Das Sternenkind und andere Geschichten: Naturgeschichtliche Märchen
Part 10
„Feinde haben ja alle ordentlichen Leute. Da ist zum Beispiel die Goldwespe, die faule Person. Die mag nicht selber Futter einsammeln und legt ihre Eier in meine Nester. Aber vor der habe ich in dieser Gegend allerdings weniger Angst. Die wird meiner Familie in den fruchtbaren Gegenden gefährlich. Aber dann ist da eine Fliege, die sich ebenso schändlich benimmt. Doch ich denke, ich habe das Nest so gut versteckt, daß sie es nicht findet.“
„Aha... das ist ja eine Art Kuckuck!“ warf die Erde ein.
„Das weiß ich nicht. Ich weiß nur, daß es ein garstiges Geschöpf ist. Und wenn ich sie erwischen könnte, würde ich ihr schleunigst den Garaus machen.“
Dann grub die Grabwespe sich mit der Larve hinab, kam wieder herauf und flog davon.
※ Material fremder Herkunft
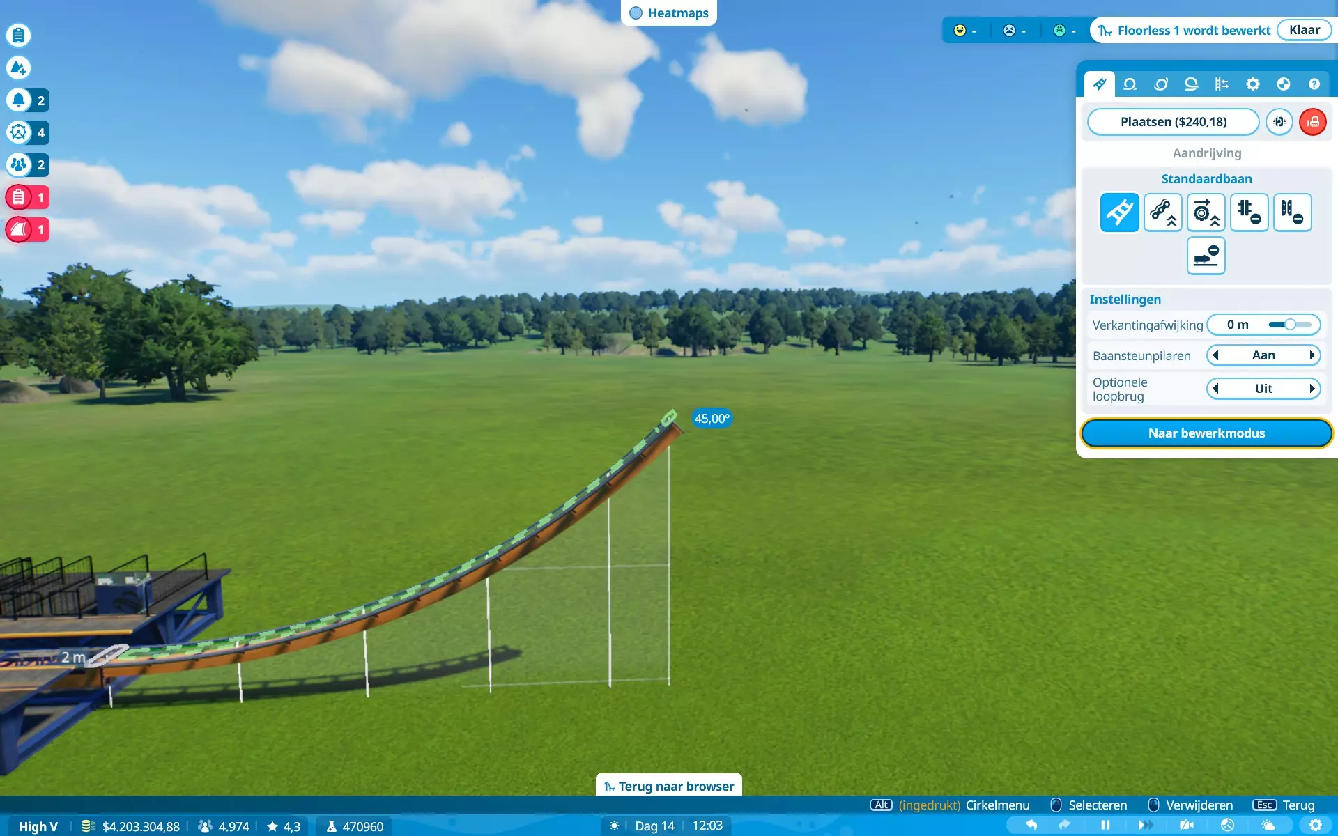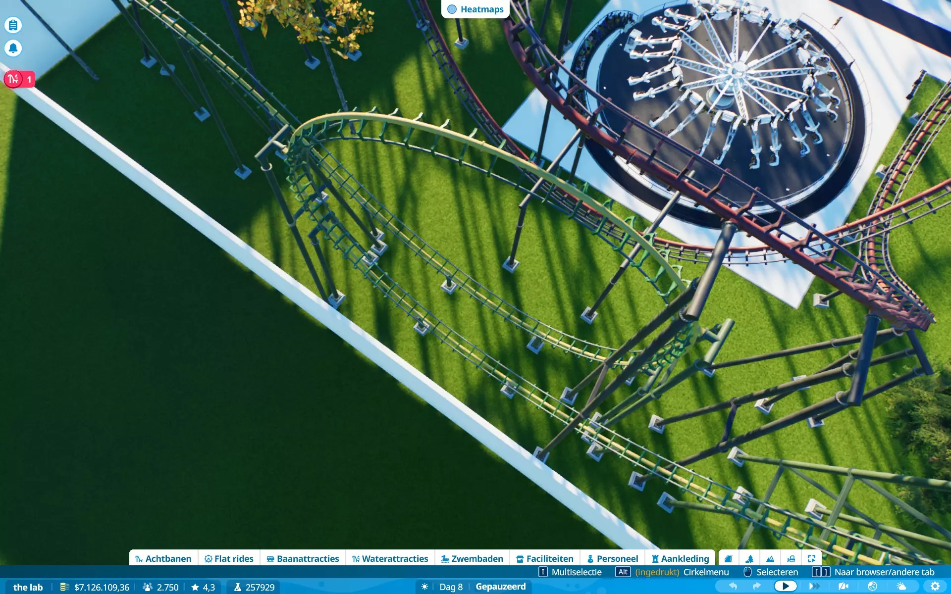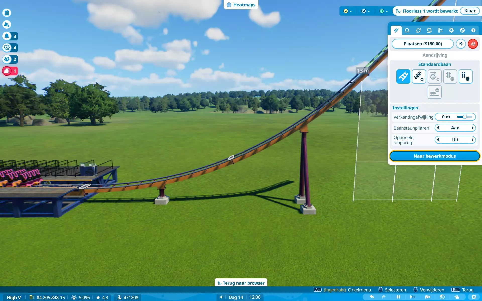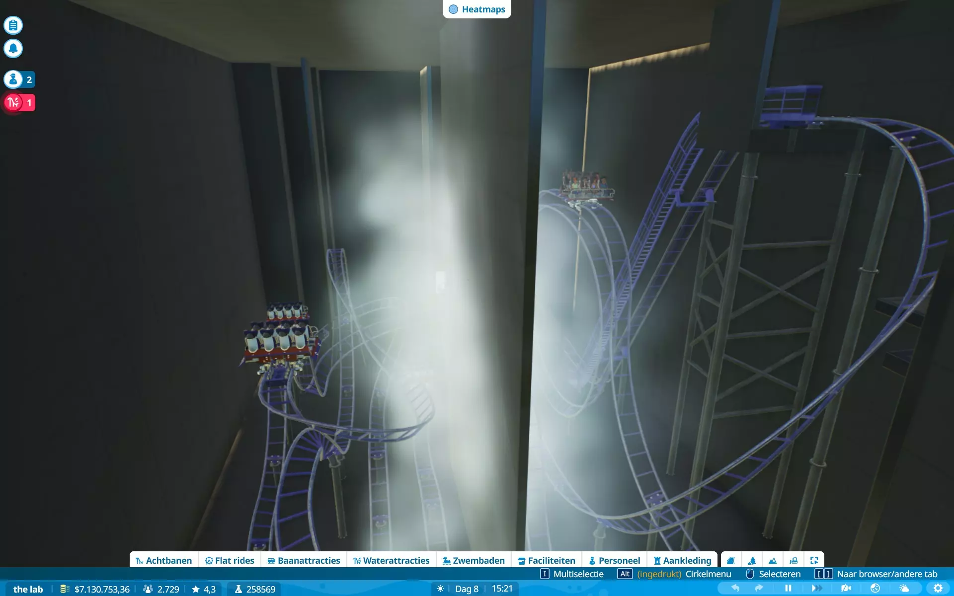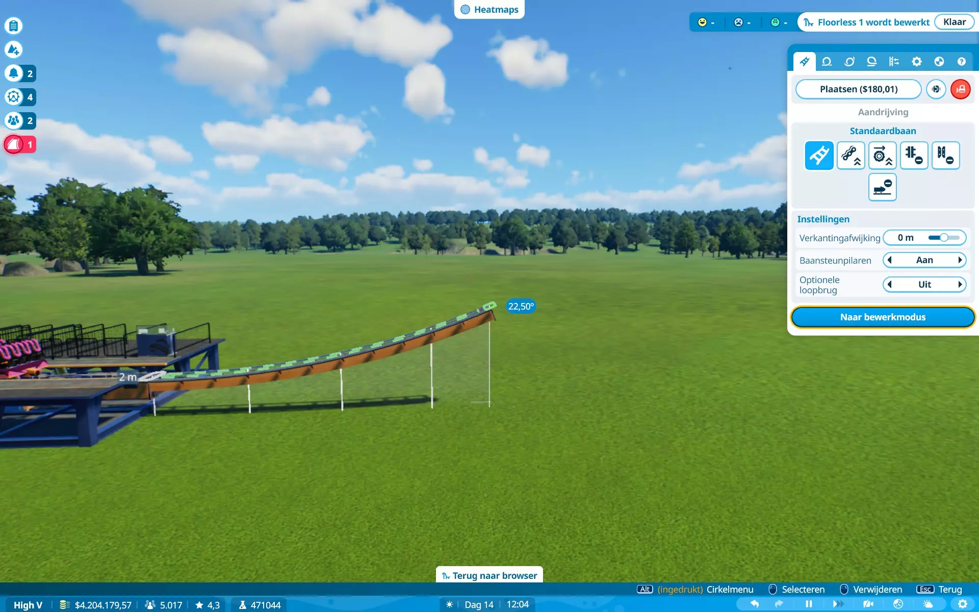 恐惧、恶心、G力、高度、速度、景观、排队时间。当更多属性超出偏好时,游客不太愿意乘坐游乐设施。解决方法:时常查看游客情况,并为过山车设置最大限制。对我来说(制作时),G力:5G,速度:150公里/小时(93英里/小时)。稍微超出一点问题不大,但要避免数值大幅波动。在图片中,除速度外的所有数值都符合所选游客的偏好,但他们仍会乘坐,因为游乐设施的速度属性略高于游客的偏好(是的,我的游戏是荷兰语,但属性数据仍然存在)。当游客乘坐游乐设施时会感到恐慌,他们的恐慌值(以及恶心值)会上升。上升幅度通常取决于游乐设施的恐惧值。当游乐设施超出游客的恐惧耐受度时,他们就不会乘坐。当游客乘坐过山车时,他们会变得更加恐慌。当游客处于极度恐慌状态时,他们不会尝试乘坐任何设施,除非你能先让他们冷静下来。解决方法:在高恐惧值的设施附近放置座椅或低恐惧值的舒缓设施,或者为他们提供一个可以冷静下来的地方。我需要更长的轨道段。建造过山车时,你可能会发现自己最多只能使用20米的轨道段,如果你想建造一个高速过山车,这可能会很麻烦……因为这些轨道段通常会产生超过5G的过载(这通常是大多数游客的承受上限,但有些游客追求更高的过载)。
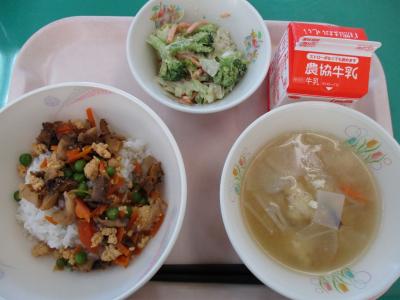 ~(麦飯)、海女採りサザエのそぼろ丼、ブロッコリーのごまマヨ和え、みそけんちん汁、牛乳~
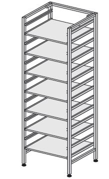 Regał systemowy wąski przystosowany do wyposażenia w kosze, kuwety i półki. Regały i wózki regałowe w systemie „TRIBO-med” wykonane są z profili kształtowych ze stali nierdzewnej kwasoodpornej lub ze stali czarnej lakierowanej farbami proszkowymi, a także w układzie mieszanym np.: ramy regałowe lakierowane farbami proszkowymi, a półki i kosze ze stali nierdzewnej. Standardowo wymiary dostosowane są do elementów wyposażenia zgodnego z modułem DIN-NORM (538×500 mm). Na życzenie Zamawiającego wyroby mogą być dostosowane do wyposażenia zgodnego z modułem ISO lub innego wynikającego z potrzeb użytkownika. Konstrukcja regałów i wózków regałowych, umożliwia dowolną konfigurację wyposażenia w kosze, kuwety i półki oraz jest kompatybilna z systemem mebli modułowych prezentowanych w tym katalogu. Wyposażenie regału: – półka typ P-11 – 7 szt. L=540, B=510 mm.
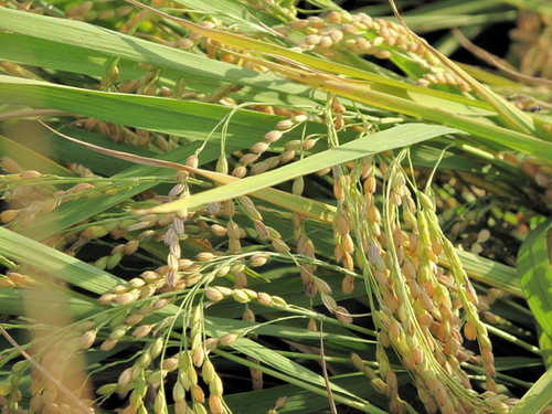夕陽將人影拉得好長,映在一大片金黃稻田
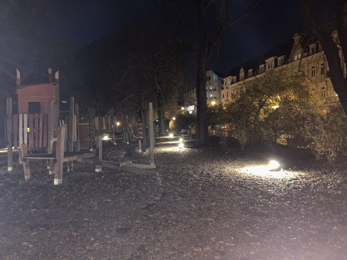 - "The image depicts a nighttime scene at the Spielplatz Rathausplatz in Riesa, Germany" by FM-PXVpr1, licensed under CC BY 4.0
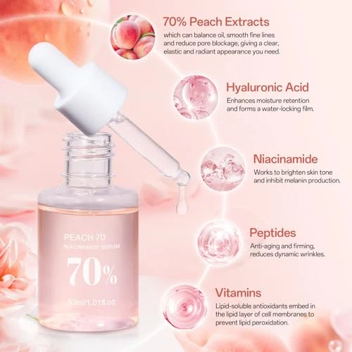 Peach 70 - Suero de niacinamida, suero corrector de manchas oscuras para hidratación facial, suero facial para piel grasa, limpieza diaria
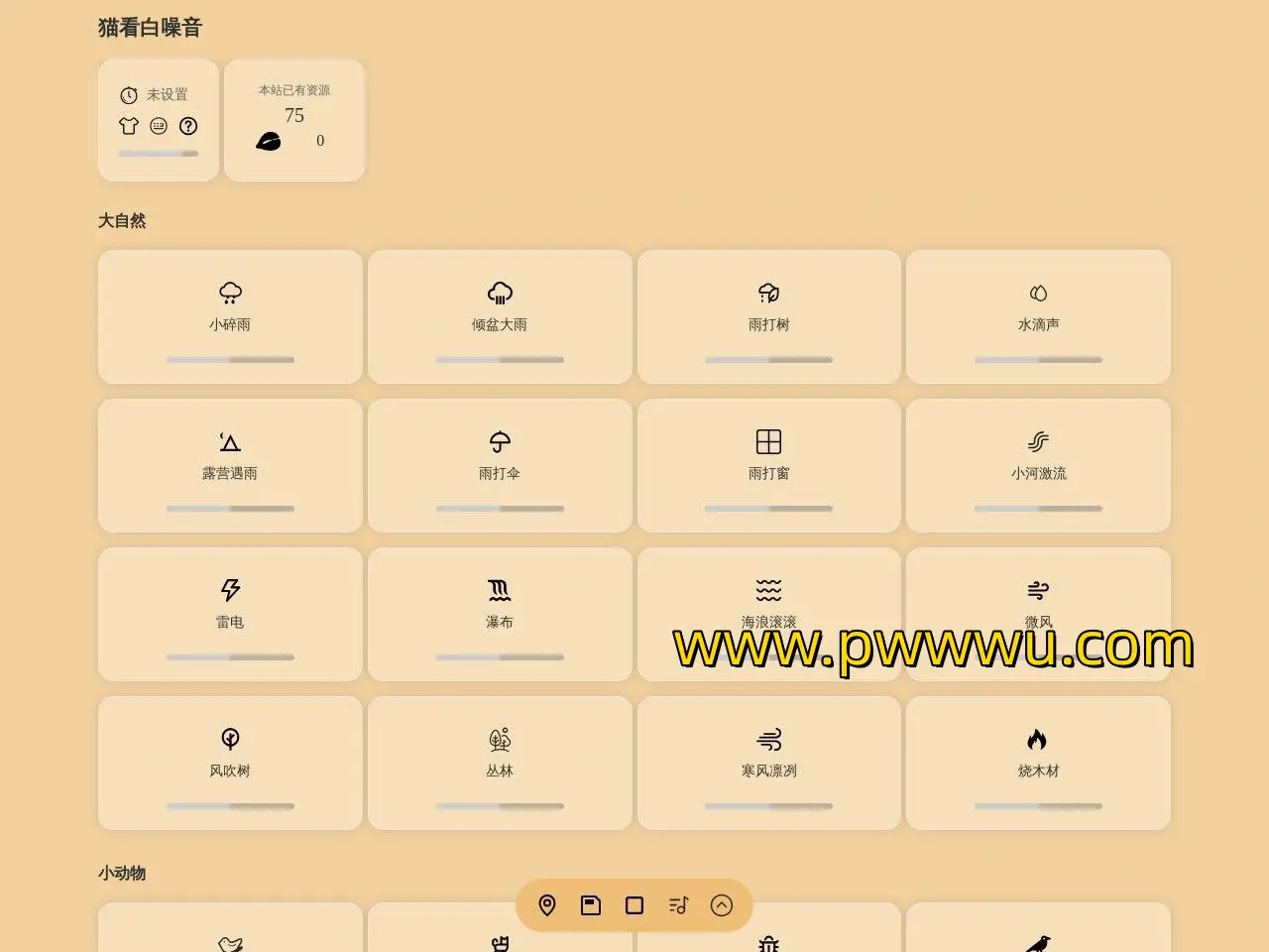 猫看白噪音,一个专注于纯净白噪音的在线平台,旨在助您放松神经、提升睡眠质量,以及增强工作效率和学习效果。在这里,您可以自由选择并组合各种自然声音,包括雨声、风声和海浪声,打造专属于您的听觉盛宴。在夜深人静之时,让您沉浸在大自然的宁静之中。
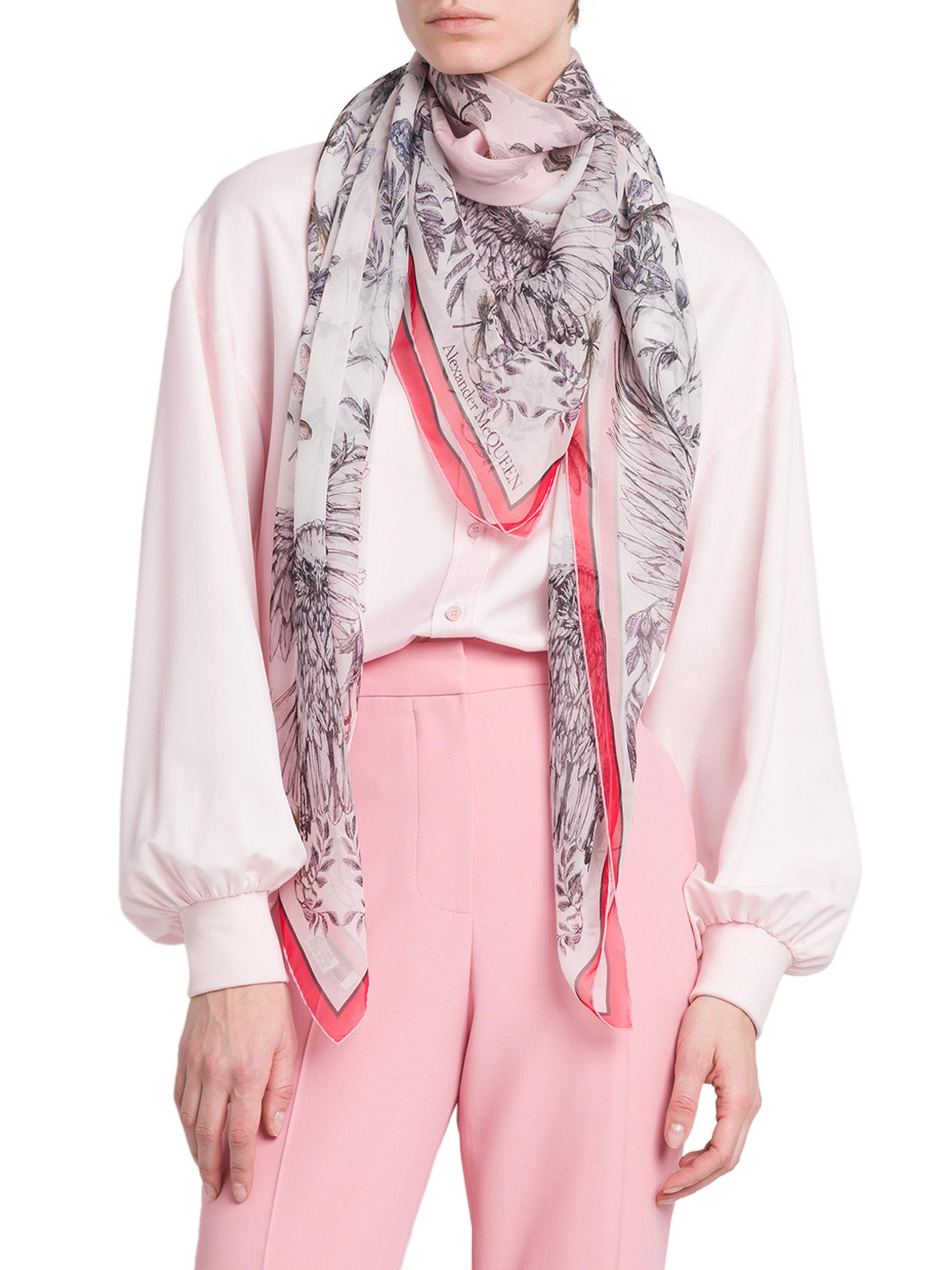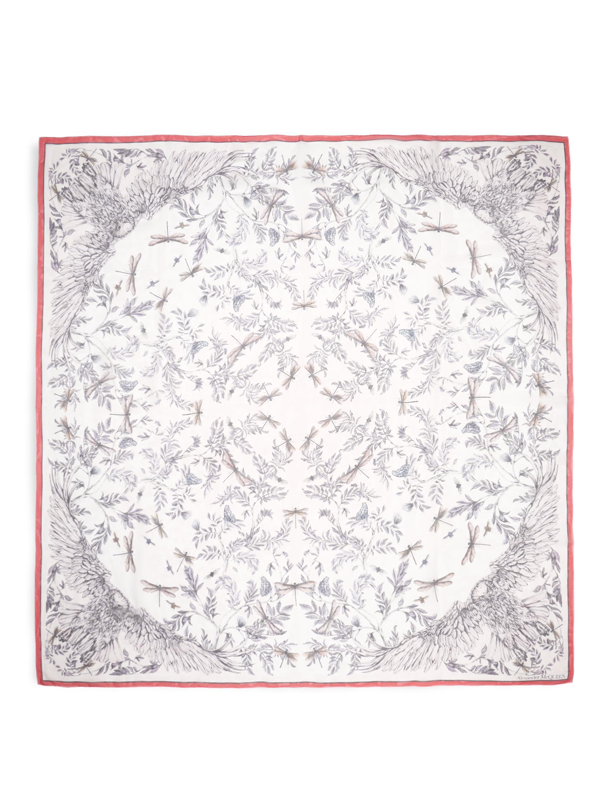 Alexander McQueen Eagle Flight Silk Scarf ROSE RED
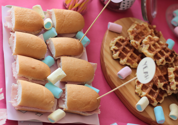 Este año como novedad en la merienda les hice gofres y unos poops de chocolate adornados con bolitas de tonos pastel y para no complicarme en lugar de en palo los presenté con papel de magdalenas también en tonos pastel. Pronto compartiré la receta porque estaban buenísimos. Para la tarta utilicé la receta de la tarta 200 pero esta vez la rellené con un puré de fresas y para hacer el cuerno del unicornio utilicé un barquillo de helado y decoré con las mismas bolitas que para los poops. Los ojos los hice con un palillo que iba mojando en chocolate.
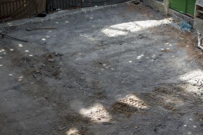 -Pouring concrete floor in preparation for cladding it with special concrete to help the adhesion to the old floor and to prevent moisture.
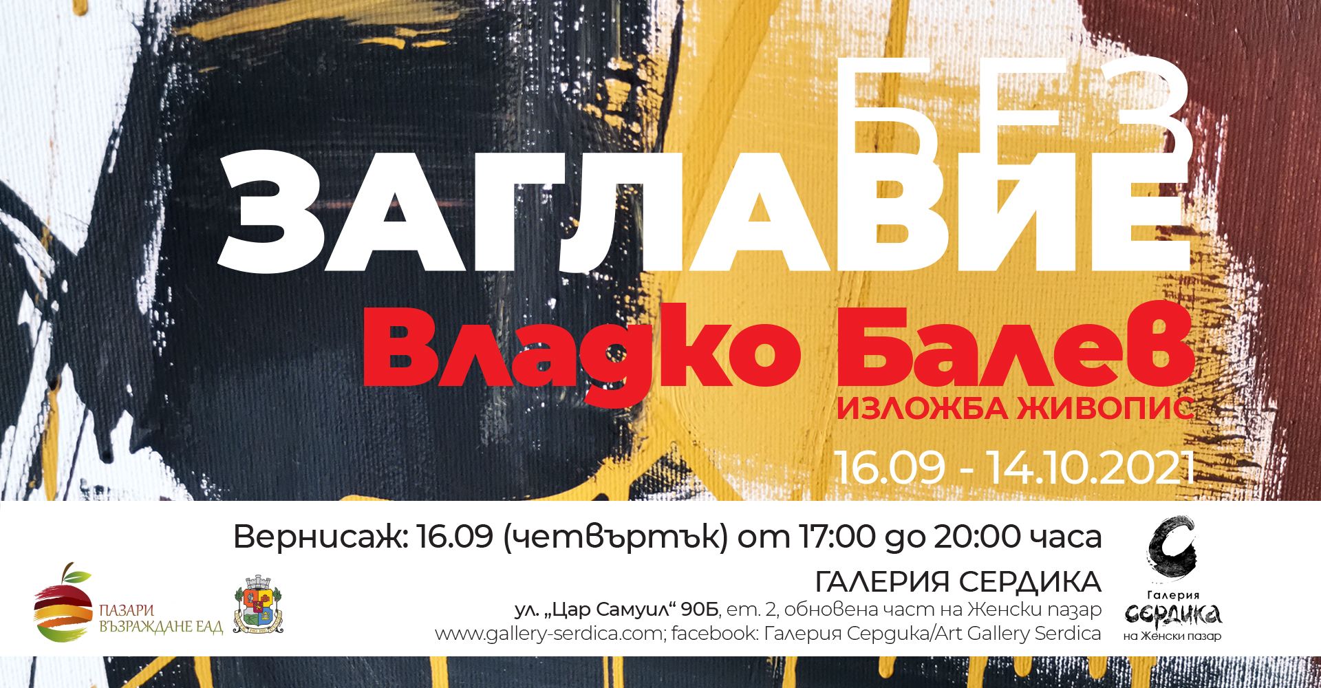 Вернисаж: 16 септември (четвъртък) 2021 г. от 17:00 до 20:00 часа

Bald darauf ließ sich die Fliege sehen, kletterte gleichfalls hinab und kehrte vergnügt an die Oberfläche zurück.
„Alles in Ordnung,“ erzählte sie. „Es geht ausgezeichnet.“
Über vierzehn Tage lang brachte die Grabwespe täglich Futter herbeigeschleppt.
„Gott sei Dank!“ sagte sie. „Das Kind hat Appetit. Es ist fast das gefräßigste von den sechsen. Ihr könnt euch keinen Begriff davon machen, wie es frißt.“
„Wie sieht es denn aus?“ fragte das Sandhaargras.
„Woher sollte ich das wissen? Da unten ist es ja kohlrabenschwarz. Ich bekomme meine Kinder nie zu sehen; aber ich kann wenigstens mit gutem Gewissen sterben, wenn ich sie so gut füttere. Und es ist klar, daß es tüchtige Geschöpfe sind, wenn sie so fressen.“
„Entsetzlich!“ rief das Mannstreu, als die Grabwespe fort war.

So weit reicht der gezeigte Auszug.